Don’t forget to head on over to Instagram and follow my account so that you can see when my post goes up (later today) about the giveaway! I’ll share all the details on how to enter there and I don’t want you to miss it! Good luck, I’m rooting for you!
**Although this post is sponsored by Pastry Chef’s Boutique, all opinions and thoughts are my own. Thank you for your continued support of the occasional sponsored post on this site. They help keep the blog going, allowing me to continue to share my recipes with you on a weekly basis. I never want my sponsorships to feel forced, which is why I only partner with companies I feel very passionate about and actually use on a regular basis.**
- 2⅔ cups all-purpose flour
- 1½ teaspoon baking powder
- ¼ teaspoon baking soda
- ½ teaspoon fresh grated nutmeg
- ½ teaspoon ground cinnamon
- ¼ teaspoon ground ginger
- ¼ teaspoon ground all-spice
- ¼ teaspoon ground cloves
- ¾ teaspoon salt
- ¼ cup vegetable oil
- ¼ cup unsalted butter, softened
- ½ cup granulated sugar
- ⅓ cup packed light brown sugar
- 2 large eggs
- 1 teaspoon vanilla extract
- 1 cup buttermilk
- 1½ cups raisins
- 1 cup all-purpose flour
- ½ cup packed light brown sugar
- 1 teaspoon cinnamon
- pinch of salt
- 4 tablespoons unsalted butter, softened
- 1 cup oats
- 2 cups powdered sugar
- 2 tablespoons unsalted butter, softened
- 1 teaspoon vanilla extract
- 2 to 5 tablespoons milk
- Preheat oven to 350 degrees F.
- In a large bowl, whisk or sift together the flour, baking powder, baking soda, salt and spices. Set aside.
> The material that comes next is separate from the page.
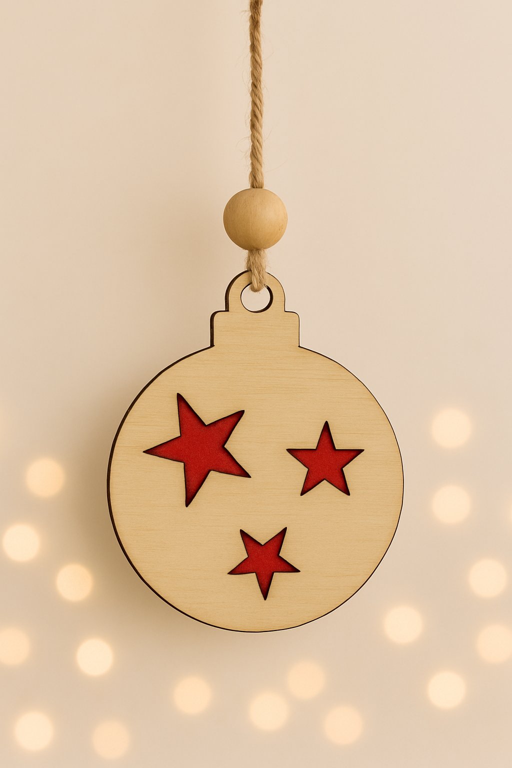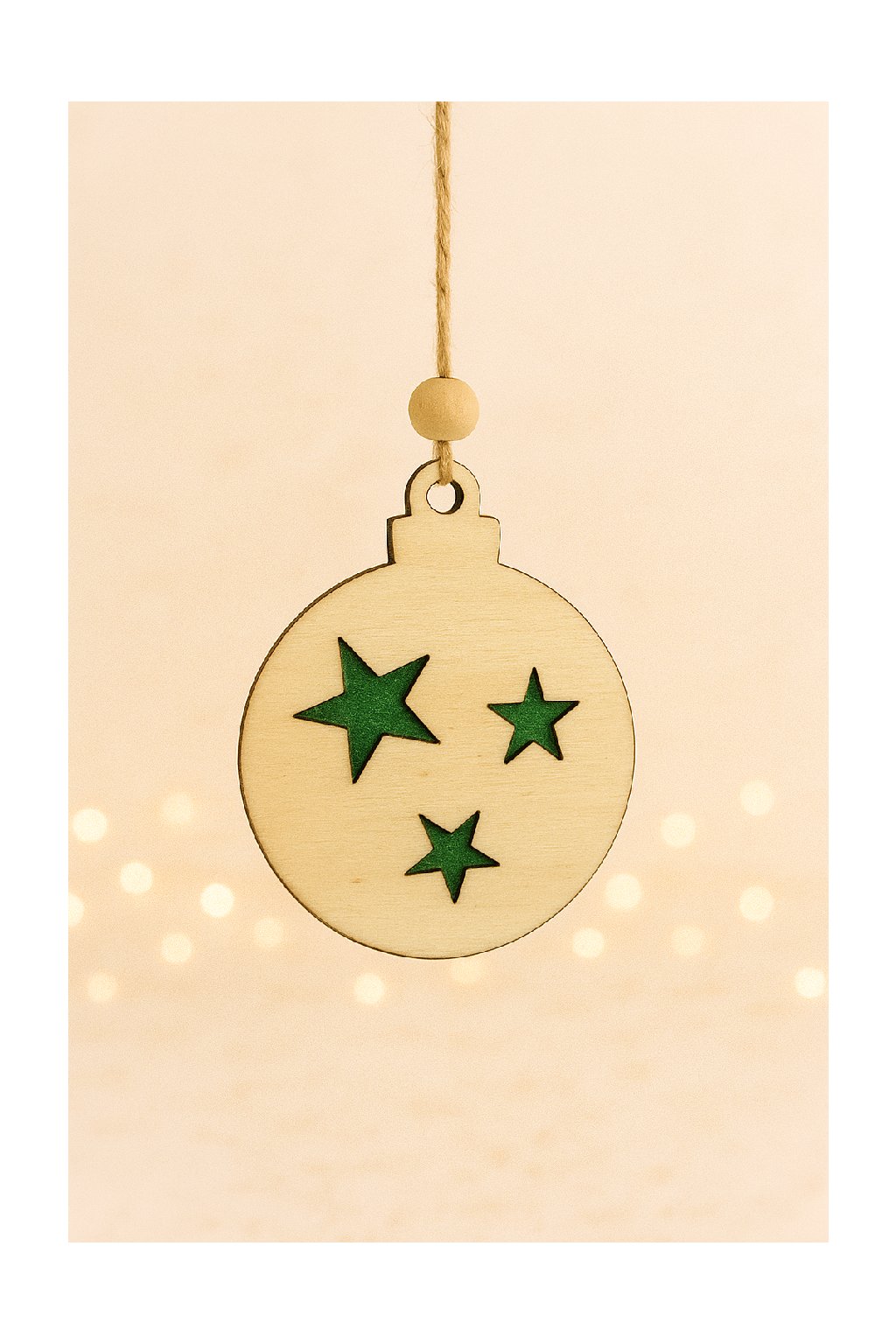 Každá ozdoba je starostlivo gravírovaná do dreva a dostupná v troch vianočných farbách – červenej, zelenej a bielej. Dokonalý doplnok na stromček alebo milý darček.

- In the bowl of a large mixer, beat together the oil, butter, granulated sugar and brown sugar until creamy, light and fluffy, about 5 minutes. Stir in the eggs one at a time, mixing well after each addition. Stir in the vanilla extract. Add in the dry ingredients, alternating between the buttermilk, mixing just until combined after each addition. Fold in the raisins. Spoon the batter into the silicon doughnut mold and bake until lightly golden brown around the edges and a toothpick inserted in the middle comes out clean, about 10 to 12 minutes. If you're not using a silicon doughnut mold, make sure you grease and flour the doughnut pan you use. Allow the doughnuts to cool slightly before inverting onto a wire rack to cool completely.
- To make the crumb topping, in a large bowl, combine the flour, brown sugar, cinnamon, salt, and butter until the mixture resembles coarse crumbs. Stir in the oats until evenly combined. Pour the crumb topping onto a baking sheet and bake for 10 minutes. Remove from the oven and let cool completely before breaking up the mixture into coarse crumbs.
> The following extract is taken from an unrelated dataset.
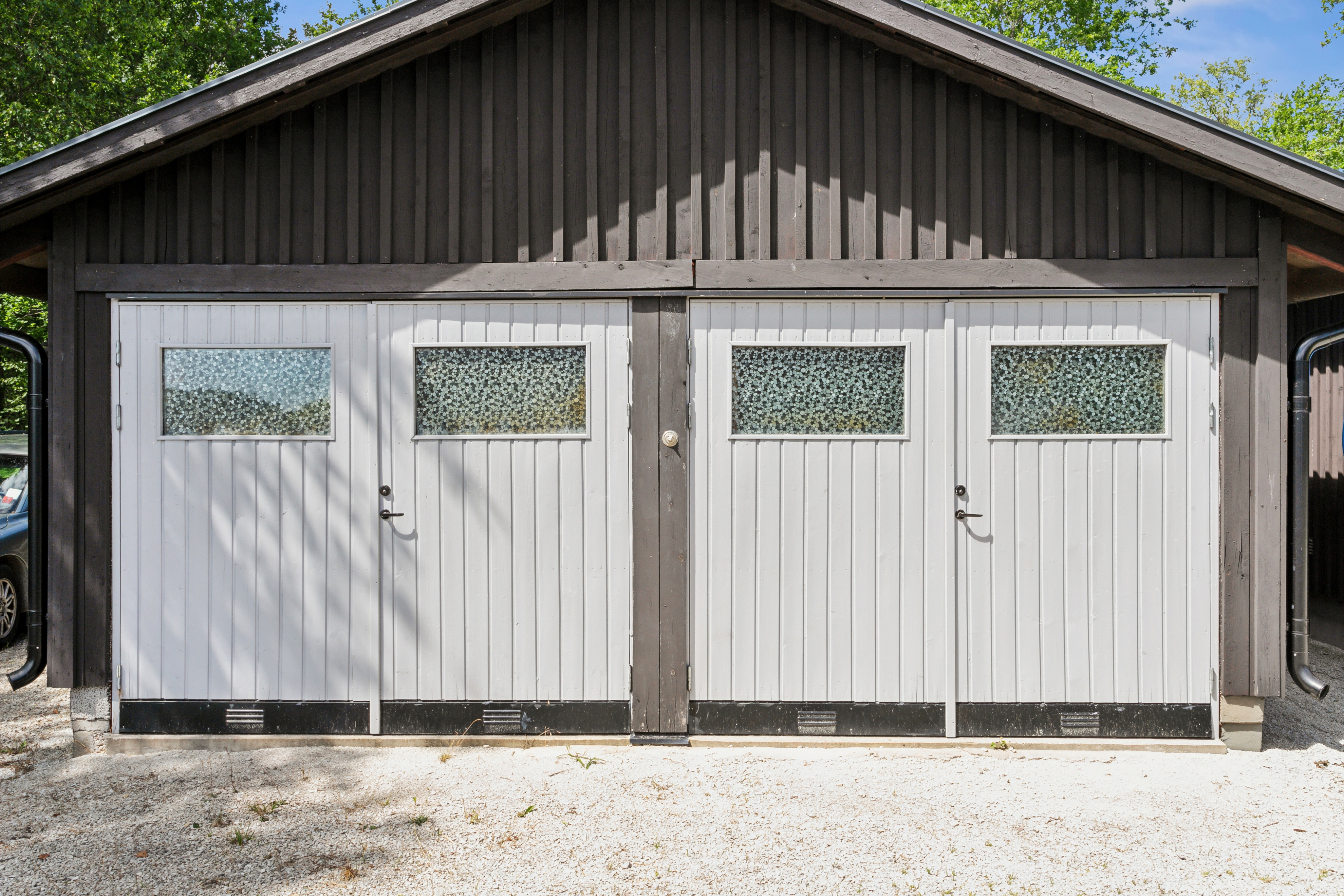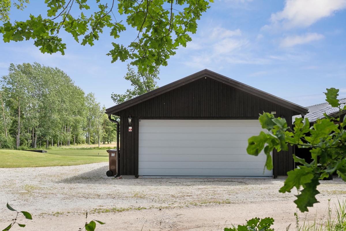Det finns gott om parkerings- eller förvaringsmöjligheter i två dubbelgarage och carport. Dessutom finns det plats att parkera flera bilar på den grusade parkeringen/gårdsplanen. Det ena garaget är från 2015 och cirka 70 kvm (trä med betongpannor). Det är isolerat, har både dörr och fjärrstyrd dubbelport och en luft/luft värmepump från 2016. Här finns möjlighet att sätta upp en vägg och ha hobbyrum/gym/förvaring. Det är förberett för vatten. Det andra garaget är renoverat 2007 och cirka 25 kvm (trä med plåttak). Det är isolerat, har dubbla portar och oljefyllda elelement. Garaget är vidbyggt 2015 med en rymlig carport med eluttag.
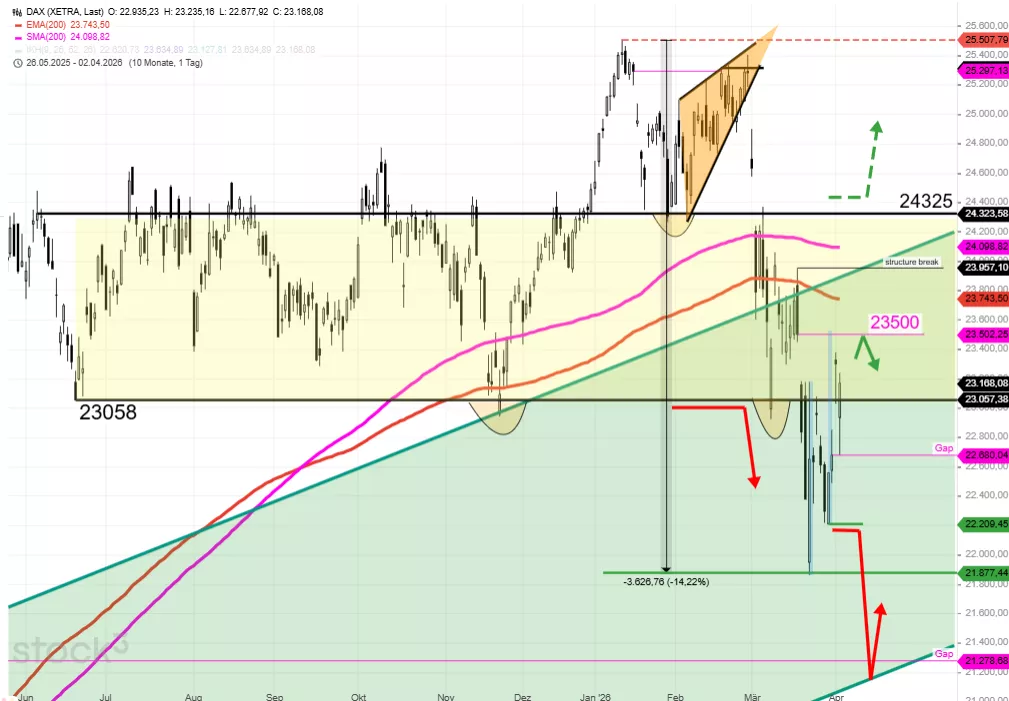 Der DAX hatte vom Jahreshoch 14 % abgegeben, dabei die große Nackenlinie 23.058-x aktiviert, die beiden 200 Tage-Linien (bei 23.743 und 24.099) unterschritten. Nach -14 % vom Top setzte ein Rebound (Zwischenanstieg aufgrund von Window Dressing zum Quartalsschluss) ein, der bisher keine ausreichende Durchschlagskraft zeigt! Neue Jahreshochs erscheinen dabei in diesen Tagen kaum.

- To make the glaze, whisk together the powdered sugar, butter, vanilla and enough milk to get a thick somewhat pourable glaze.
- Dip the cooled doughnuts into the glaze and then dunk into the crumb topping to coat. Return to wire rack to allow the glaze to set. Transfer the leftover glaze to a piping bag and drizzle on top of each doughnut. Leftovers can be wrapped in plastic and kept at room temperature for up to 2 days. Enjoy!